The United States Colored Troops (USCT) were regiments in the United States Army composed primarily of African-American (colored) soldiers, although members of other minority groups also served with the units. They were first recruited during the American Civil War, and by the end of that war in April 1865, the 175 USCT regiments constituted about one-tenth of the manpower of the Union Army. About 20% of USCS soldiers died, a rate about 35% higher than that for white Union troops. Despite heavy casualties, many fought with distinction.
The 54th Massachusetts Regiment was the first black regiment recruited in the North. Col. Robert Gould Shaw, the 25 year old son of very wealthy abolitionist parents, was chosen to command – a position still limited to white men. On July 18 came the supreme test of the courage and valor of these black soldiers; they were chosen to lead the assault on Battery Wagner, a Confederate fort on Morris Island at Charleston. In addressing his soldiers before leading them in a charge across the beach, Colonel Shaw said, “I want you to prove yourselves. The eyes of thousands will look on what you do tonight.”
Mary Smith Peake was an American teacher, humanitarian, and a member of the black elite in Hampton, Virginia, best known for starting a school for the children of former slaves starting in the fall of 1861 under what became known as the Emancipation Oak.
While some blacks chose to join the military, others fought by other means. An American teacher named Mary S. Peake worked to educate the freedmen and “contraband.” She spent her days under a large oak tree teaching others near Fort Monroe in Virginia. (This giant tree is now over 140 years old and called Emancipation Oak). Since Fort Monroe remained under Union control this area was somewhat of a safe location for refugees and runaways to come to. Mary’s school would house around 50 children during the day and 20 adults at night.

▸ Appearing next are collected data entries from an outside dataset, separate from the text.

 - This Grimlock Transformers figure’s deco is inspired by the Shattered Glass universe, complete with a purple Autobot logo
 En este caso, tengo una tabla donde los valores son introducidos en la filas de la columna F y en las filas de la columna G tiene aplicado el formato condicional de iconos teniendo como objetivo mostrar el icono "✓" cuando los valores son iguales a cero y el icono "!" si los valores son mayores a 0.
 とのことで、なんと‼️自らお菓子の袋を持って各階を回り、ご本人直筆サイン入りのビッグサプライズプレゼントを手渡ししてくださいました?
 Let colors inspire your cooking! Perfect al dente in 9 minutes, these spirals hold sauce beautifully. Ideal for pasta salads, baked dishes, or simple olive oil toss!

Juneteenth (a portmanteau of June and nineteenth) is a holiday celebrating the liberation of those who had been held as slaves in the United States. Originally a Texas state holiday, it is now celebrated annually on the 19th of June throughout the United States, with varying official recognition. Specifically, it commemorates Union army general Gordon Granger announcing federal orders in Galveston, Texas, on June 19, 1865, proclaiming that all people held as slaves in Texas were free.

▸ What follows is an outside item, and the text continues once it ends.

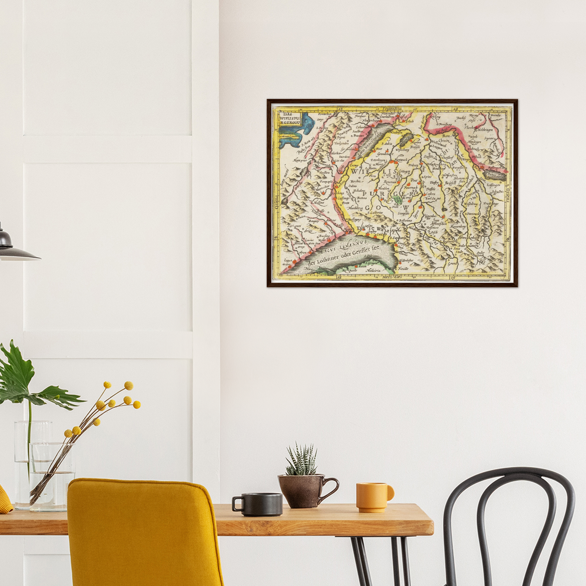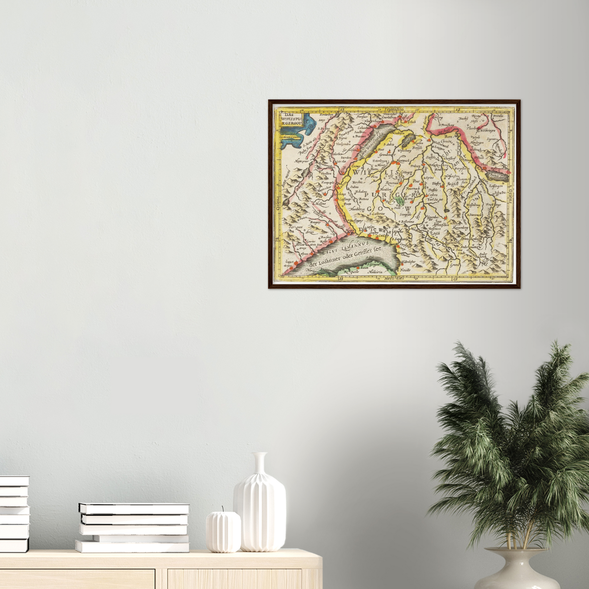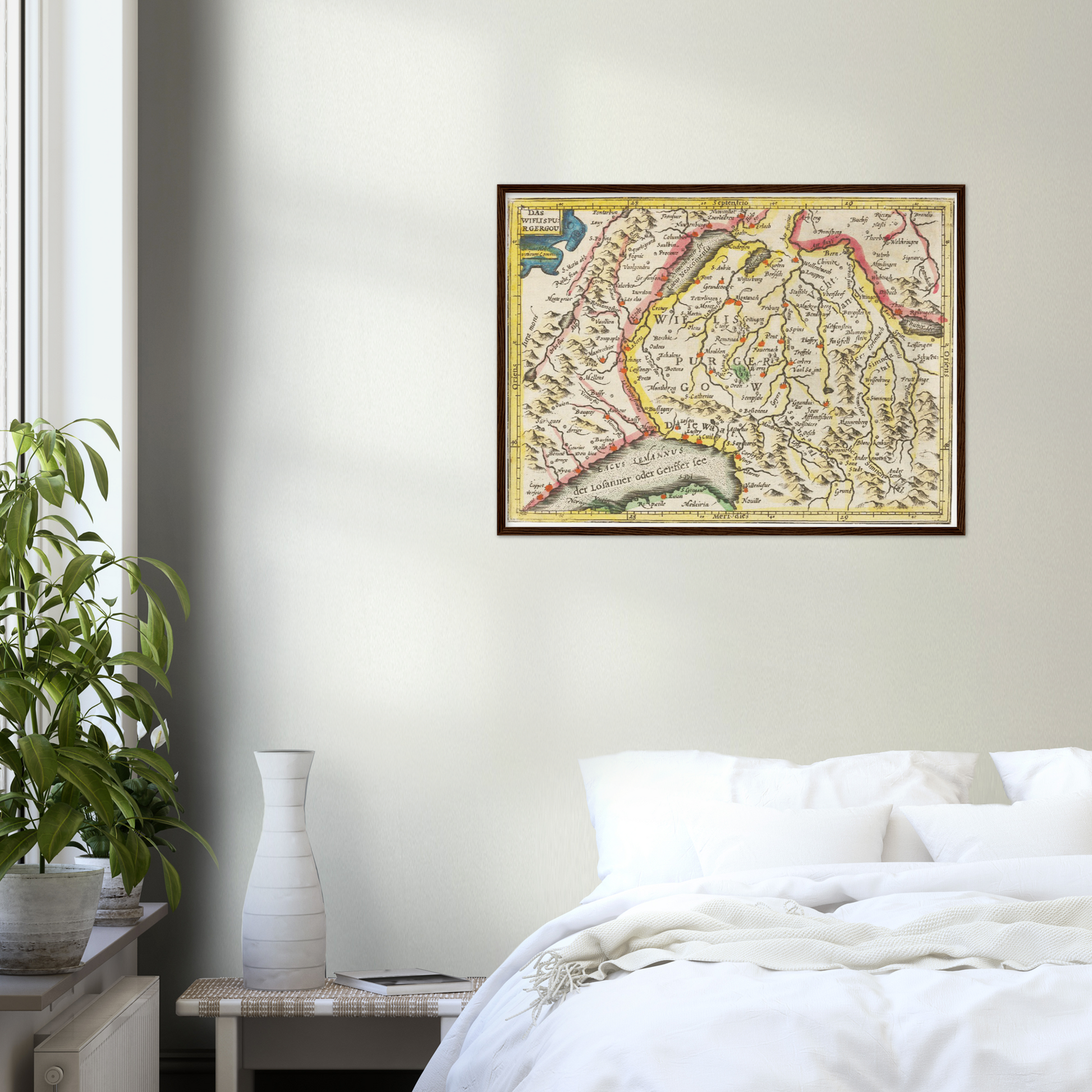 Unsere Nachdrucke entstehen in Archivqualität auf feinstem, mattem Papier (250 g/m²), das jedem Raum eine eindrucksvolle Note verleiht. Die hochauflösende Digitalisierung und farbgetreue Rekonstruktion garantieren, dass du ein Stück Geschichte in unvergleichlicher Schärfe und Brillanz erlebst. Jeder Druck wird auf Bestellung in Deutschland gefertigt und ist in 3 erlesenen Größen erhältlich: 40x30 - 80x60 cm. Zum Schutz wird jede Karte in einer stabilen Verpackung versandt. Optional kannst du zwischen natürlichen, dunkelbraunen oder schwarzen Holzrahmen sowie einem eleganten schwarzen Metallrahmen wählen, der mit bruchsicherem Plexiglas ausgestattet ist.
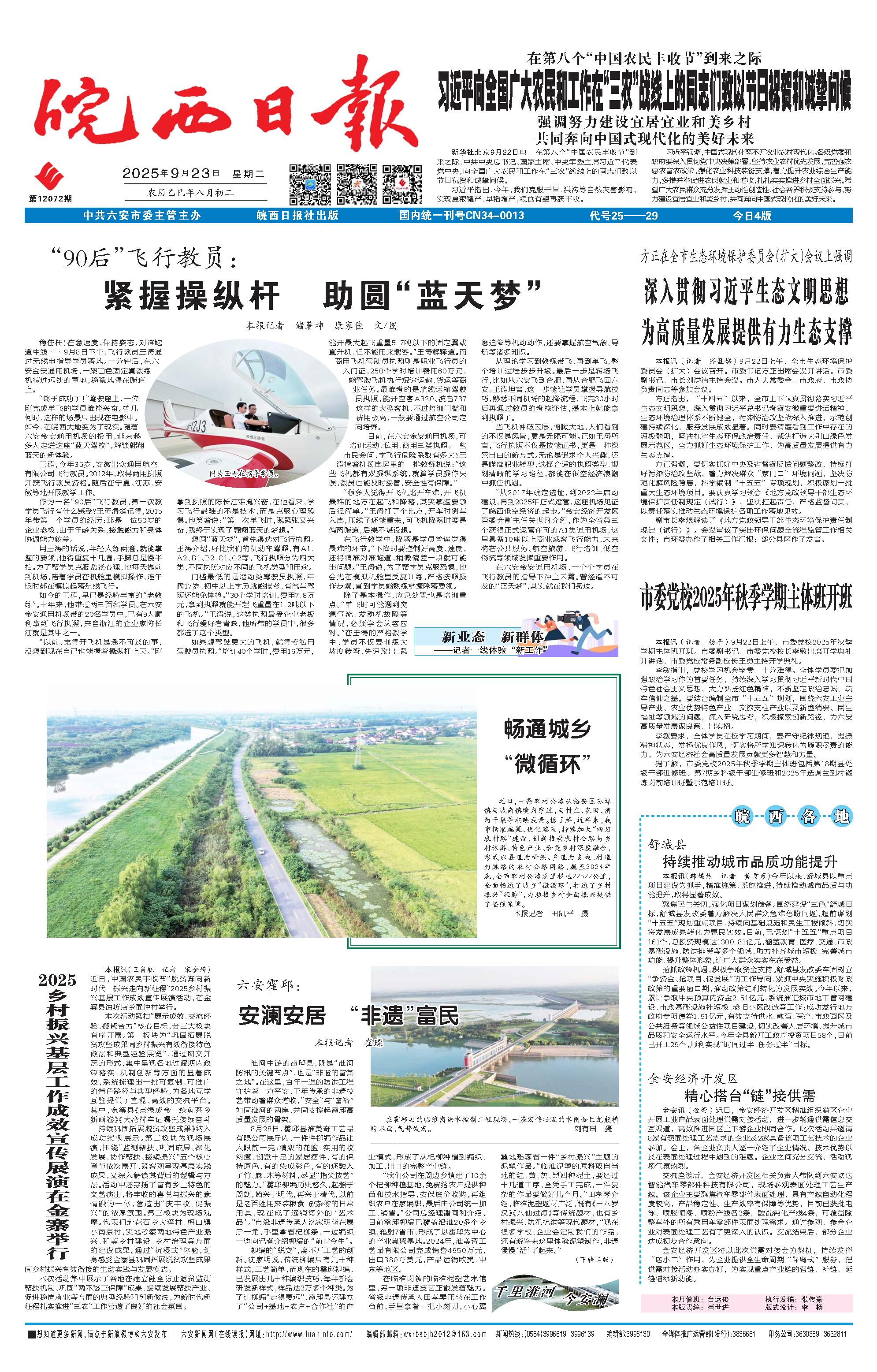新闻 时间:2025年09月23日 来源:皖西日报

The Emancipation Proclamation had officially outlawed slavery in Texas and the other states then in rebellion against the U.S. almost two and a half years earlier, but Texas was the most remote of the slave states, with a low presence of Union troops, so enforcement there had been slow and inconsistent before Granger’s announcement. Although Juneteenth is commonly thought of as celebrating the end of slavery in the United States, it was still legal and practiced in Union border states until December 6, 1865, when ratification of the Thirteenth Amendment to the Constitution abolished non-penal slavery nationwide.

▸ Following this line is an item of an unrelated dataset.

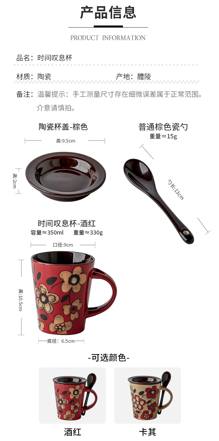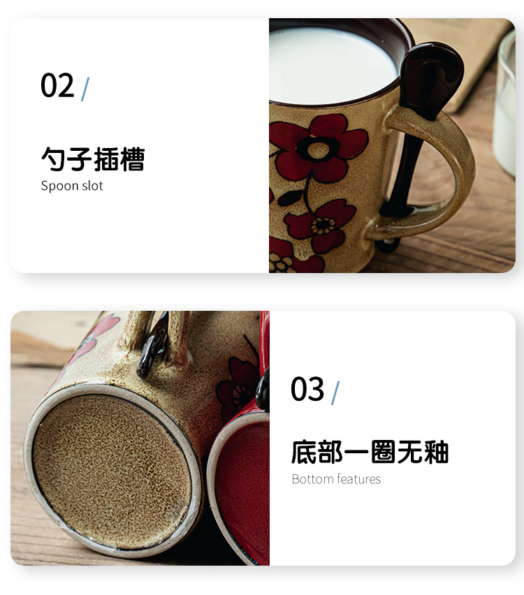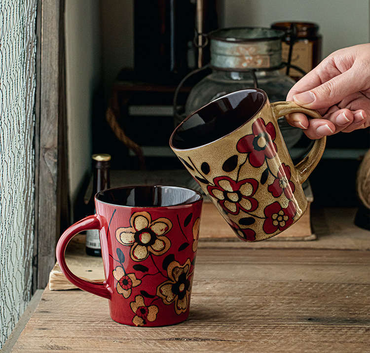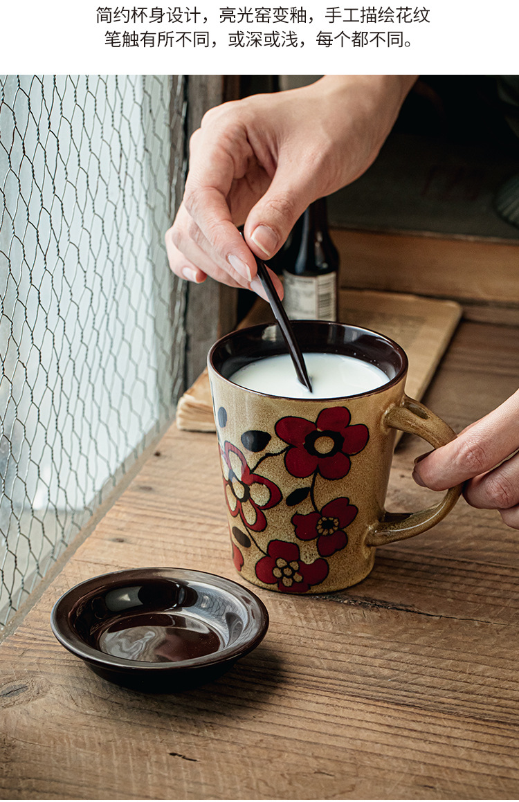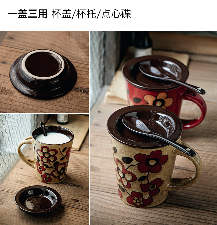 Taza de café de diseño original pintada a mano estilo nacional taza de cerámica con cuchara de tapa taza roja de alto valor de cara regalo de cumpleaños

Despite the political gains represented by the Emancipation Proclamation, however, the North’s military prospects in the East remained bleak as Lee’s Army of Northern Virginia continued to maul the Union Army of the Potomac, first at Fredericksburg, Virginia, in December 1862 and then at Chancellorsville in May 1863. But Chancellorsville, although one of Lee’s most brilliant military victories, was also one of his most costly. His most valued lieutenant, General “Stonewall” Jackson, was mistakenly shot and killed by his own men.
The war was far from over, but increasingly, the writing was on the wall – the North’s will to fight was just as strong as any rebel in the South, but the North had the economic drive and manpower to go the distance.